I'm really proud of my kids...as everyone knows. They tend to be very gentle spirited and KIND people. All three are likely calmer than their mother, which is a good thing I suppose.
There's a quote that I love regarding friends and kindness:

"Beginning today, treat everyone you meet as if they were going to be dead by midnight. Extend to them all the care, kindness and understanding you can muster, and do it with no thought of any reward. Your life will never be the same again."
-Og Mandino

I think this is a good one, because it puts into perspective really how we should all live each day. I am always amazed at how cruel people can be to others sometimes...and I try to figure out why. Usually there is no real rhyme or reason to it. Often it is out of jealousy or old hurts and disappointments that they find ugly words to lash out at someone when the person least expect it.
I'm just the kind of person that can usually dish it right back (not the best move) when someone does this to me.
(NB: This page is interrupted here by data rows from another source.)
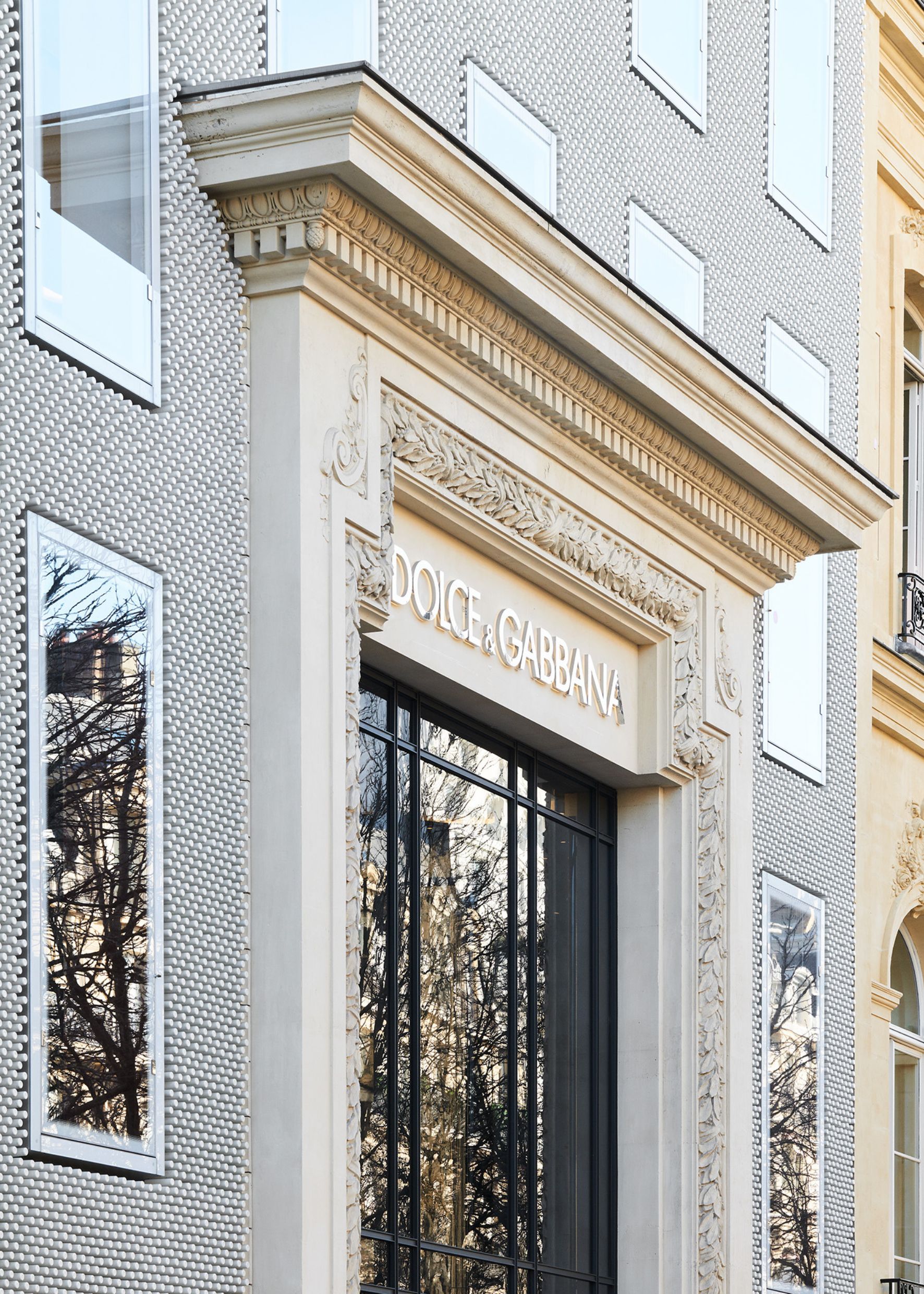 Situé dans le triangle d’or parisien au cœur du VIIIe arrondissement, encadré par les boutiques Jil Sander et Chloé, le 54, avenue Montaigne est une adresse de choix sur l’une des artères les plus luxueuses de la capitale. Occupant déjà partiellement l’espace, Dolce&Gabbana a saisi l’opportunité d’investir tout le lieu, réhabilité et agrandi lors de son acquisition par le groupe Olayan en 2014.
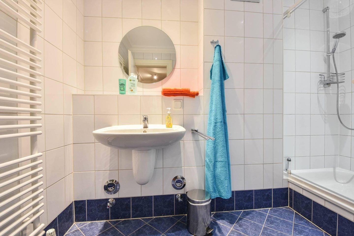 Das geschmackvoll gestaltete Bad bietet mit Dusche, Badewanne und Handtuchheizkörper vollen Komfort und ist sowohl funktional als auch stilvoll eingerichtet. Damit Sie sich vom ersten Moment an wohlfühlen können, sind alle Betten bereits bezogen, ausreichend Handtücher liegen für Sie bereit und eine Grundausstattung an wichtigen Utensilien ist vorhanden – ideal für einen sorgenfreien Start in den Urlaub. Ein Stellplatz direkt am Haus sowie kostenfreies WLAN machen das Angebot komplett. Villa Vineta 205 vereint historische Architektur mit modernem Komfort und ermöglicht Ihnen eine entspannte Auszeit mit Ostseeflair in bester Ahlbecker Lage.
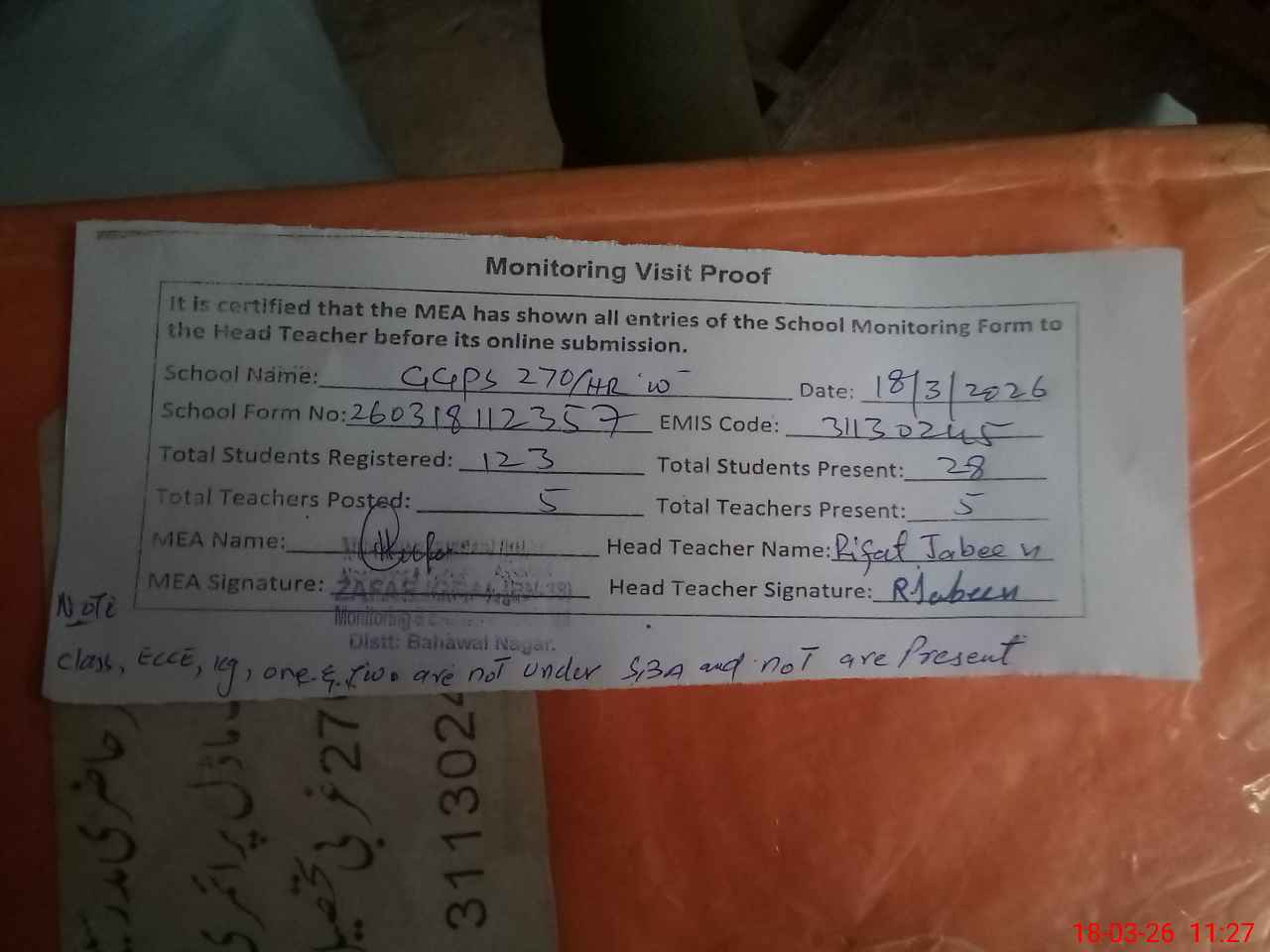 | Attendance Register | Head Teacher | MEA with School | Visit Proof |
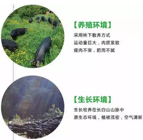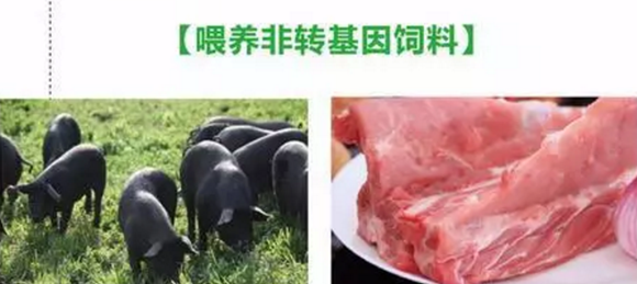 再看這個黑豬,強調的是黑豬品種、散養,吃的是非轉基因飼料。
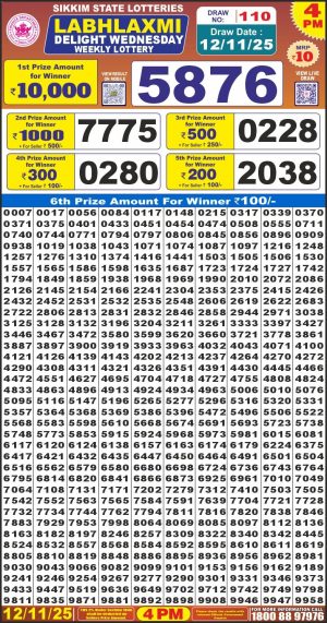 Dear Lottery Monthly Chart 6PM Result Sikkim State 12.11.25
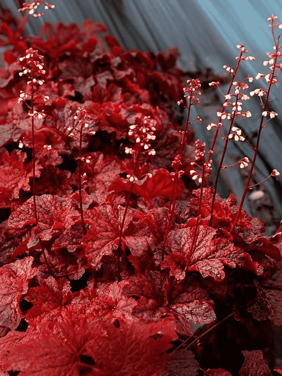 Гейхера сорта *Northern Exposure Red* пленяет взор изысканным сочетанием форм и оттенков, превращаясь в истинную жемчужину сада. Её компактная розетка состоит из плотных кожистых листьев сердцевидной формы, украшенных чётко выраженными жилками, придающими особую рельефность поверхности листовых пластин. Окраска листвы варьируется от насыщенно-красной до пурпурно-коричневой, переливаясь оттенками меди и бронзы в зависимости от освещения и сезона. Цветки гейхеры собраны в нежные метельчатые соцветия, возвышающиеся над листьями на тонких прочных стеблях высотой около полуметра. Бутоны раскрываются мелкими колокольчатыми цветами кремово-белого оттенка, источающими тонкий аромат, привлекающий насекомых-опылителей. Растение предпочитает полутень и умеренно влажные почвы, демонстрируя устойчивость к холоду и засухе, благодаря чему широко используется в ландшафтном дизайне северных регионов Европы и Северной Америки.
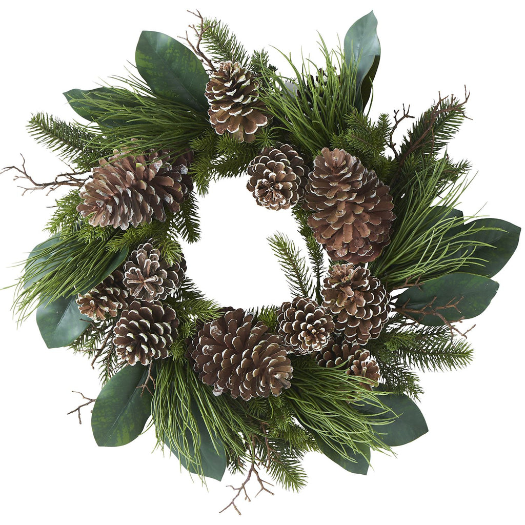 CORONA CON PIÑAS Y MAGNOLIA 61 CM DIAMETRO
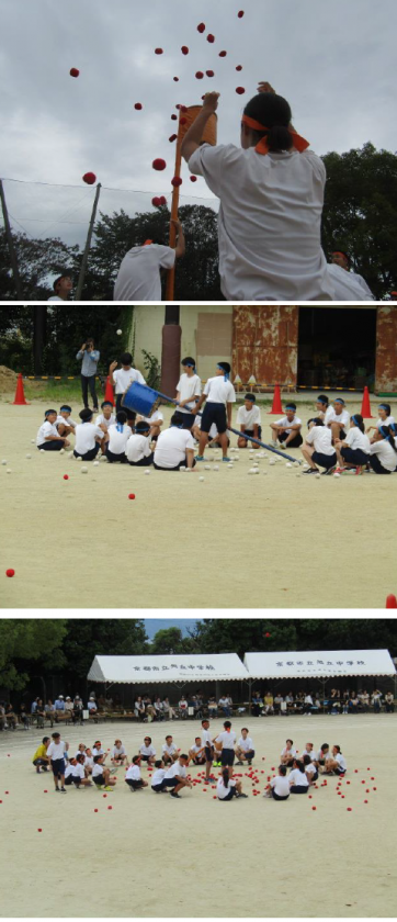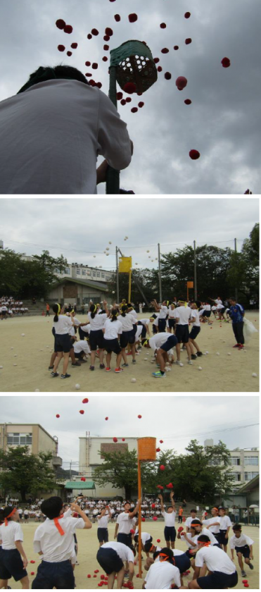 続いて,色別対抗玉入れ(1・2・3年 男女)が行われました。
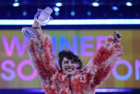 Kako se na samom snimku vidi, čini se da je Nemo imao nezgodu tokom slavlja sa evrovizijskim trofejem koji je vrlo brzo nakon što je dospeo u njegove ruke završio u dva dela.
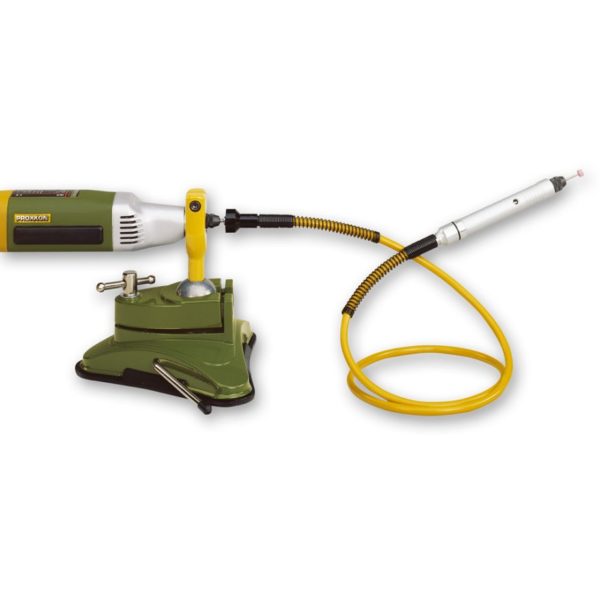 Fitted with a delicate hand piece complete with six steel collets (1.0 – 1.5 – 2.0 – 2.4 – 3.0 and 3.2mm) for accurate holding of rotary tools and collet nut. Suitable for use with any of the PROXXON range of tools or indeed any type of power source that can grip the 3mm male shaft of the unit.
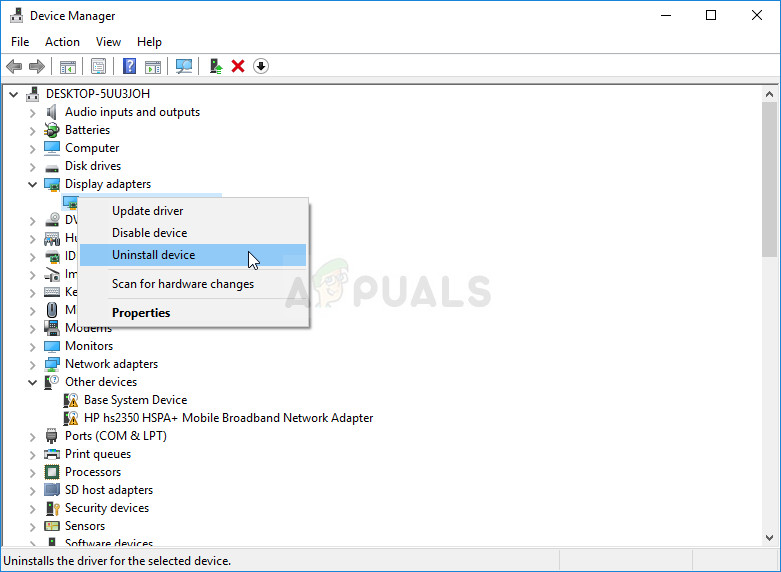 - Since it’s the graphics card driver we want to update on your computer, expand the Display adapters category, right click on your graphics card and select the Uninstall Device option.
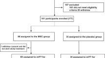 The UC-MSCs were manufactured by Vcanbio Cell & Gene Engineering Ltd., (Tianjin, China) in a GMP facility, which had been approved by the authorities. Briefly, the Wharton’s jelly from umbilical cord tissue was diced into cubes in ~2 mm3, and seeded into a T75-cm2 tissue culture flask with MSCs culture medium. The adherent cells were digested and re-plated for expansion to master cell bank at passage 2. In the next step, cells were thawed and expended with serum-free medium. Finally the homogenous population of these cultured cells at passage 5 were collected as mentioned,28 and used for all experiments. The collected cells were identified to meet the minimal criteria of MSCs according to ISCT (International Society of Cell Therapy) standard.29 The quality and viability of these cells was reconfirmed after preparation and before each infusion for patient. MSCs are characterized by a fibroblast-like morphology, and by expression of cell surface markers including CD19, CD34, CD11b, CD45, CD73, CD105, CD90, and HLA-DR, and with potential to differentiate into osteoblasts, adipocytes, and chondroblasts (Supplementary Figs. 3 and 4). The treatment group received three cycles of intravenous infusion of allogeneic UC-MSCs (3 × 107 cells each infusion) on days 0, 3, and 6. The total volume of the UC-MSCs infusion was 60 ml.
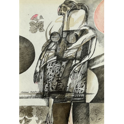 Aldemir Martins - Figura - 1961 - Nanquim aquarelado sobre cartão - Assinado meio inferior - 105 x 70 cm. Situado Roma.
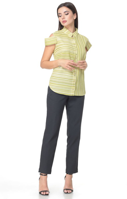 Оригинальная блуза полуприлегающего силуэта. Перед блузки с центральной оригинальной застежкой. Горловина блузки обработана воротником-стойкой. Рукав-крылышко с дизайнерским решением, оно отстегивается. Длина блузы по спинке 63 см
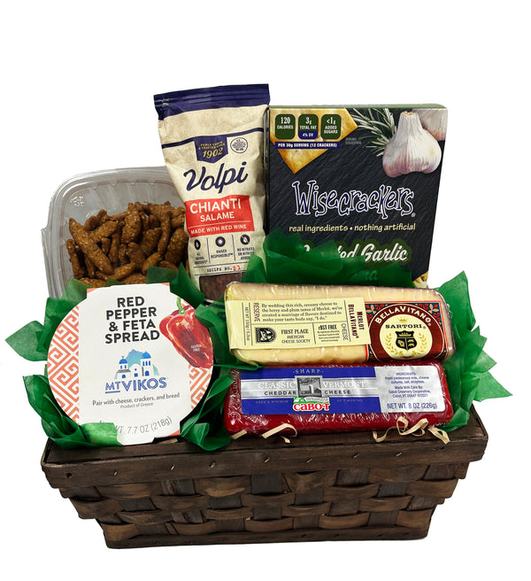 Our charming picnic basket has everything you need for a delightful al fresco meal! Red pepper and feta spread, Bellavitano Merlot cheese, Cabot cheddar, gourmet crackers, artisan salami, and scrumptious sesame sticks provide the makings of an unforgettable outdoor dining experience. Just add a blanket and a bottle of wine!
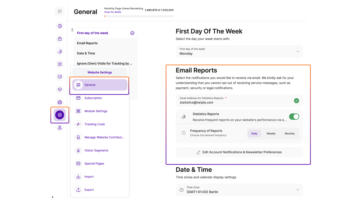 Această etapă de onbording vă permite să decideți ce notificări prin e-mail doriți să primiți de la platforma de analiză și de la furnizor, de asemenea asigură consimțământul de acceptare de care avem nevoie pentru contactul prin e-mail. Deși opționale, rapoartele de statistică trimise în mod regulat prin e-mail reprezintă un ajutor neprețuit pentru mulți dintre utilizatorii noștri oferindu-le informații despre site-ul web. Puteți dezactiva aceste e-mailuri aici sau le puteți limita frecvența.
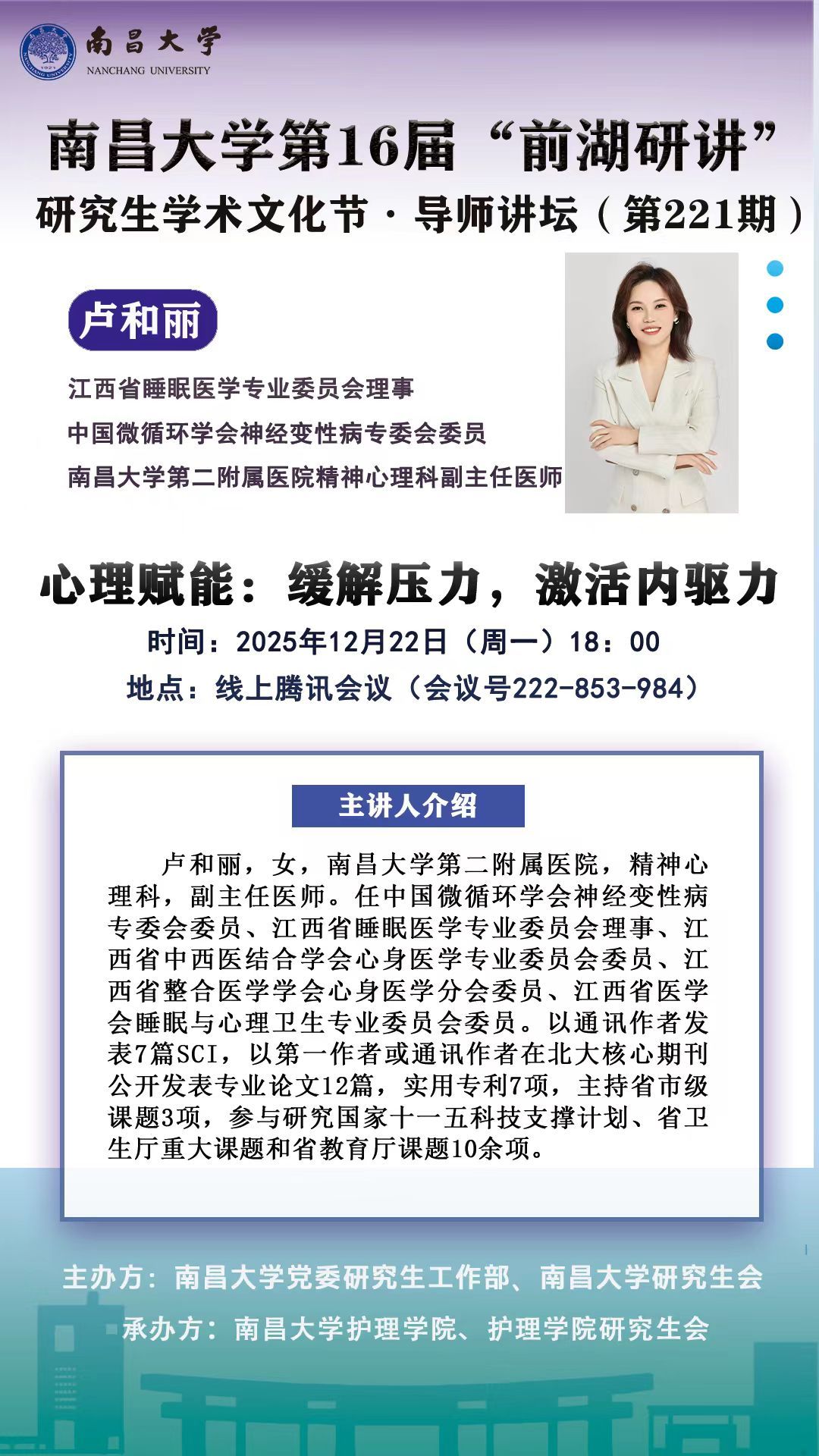 下一条:南昌大学第16届“前湖研讲”研究生学术文化节·导师讲坛(第220期)
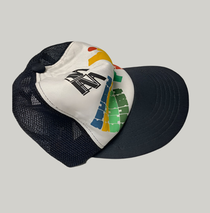 A vintage trucker-style hat featuring a bold and colorful "Top Rank" boxing promotions graphic on the front foam panel. Designed with a classic white front, black mesh back, and matching black curved brim, this hat delivers retro athletic appeal and collectible charm.
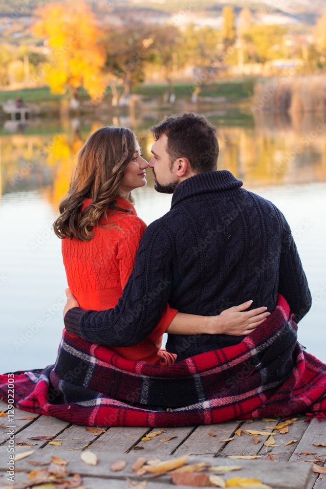 Pregnant wife and husband are resting near lake
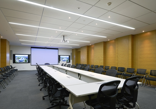 可以容納近百人的大型會議室,采用高科技的電子設(shè)備,滿足了公司會議、培訓(xùn)、活動等多方面的需求,隔間里的小型視頻會議和墻壁內(nèi)的儲藏空間的暗格,加大了整個空間的利用率。燈具選用耐貝西照明嵌入式線型,發(fā)光效率高,節(jié)能環(huán)保。家具的選擇極大程度上考慮了移動便捷性,可自由移動組合使用,明亮、大氣、富有科技感的會議室使溝通更流暢、大大提高了辦公效率。

However, when they do this to one of the people I love then it just makes me insane. For real.
When an old friend/roommate comes out of the blue with no contact in a few years to look and comment in a mean way at a couple of photos on Facebook (which I've about decided is a possessed site at the hubs of hell--but yes, I go there daily).....then that is too much. Sending then a hateful message to someone in the photos is just so pointless and downright mean. I mean, really...is THAT all you have to do with your time and energy now that you are no longer in junior high?
Too bad I can't locate this person....or maybe it's just best that way. I could just snatch them bald headed. Oh yeah, but that really goes against living my life as if I knew that today was that person's last day. I will feel sorry for them. They must need love that they are not getting from a strong family bond. I don't think I have to worry about anyone I love wondering how I feel about them at the end of the day. We should all remember to treat people as if today is their last day...or ours.

2 comments:

Glo Brown said...

Now, are you complaining or just stating facts?????

Dianne Baer said...

Just stating facts...people have to take it as that. haha. Complaining comes in the next blog!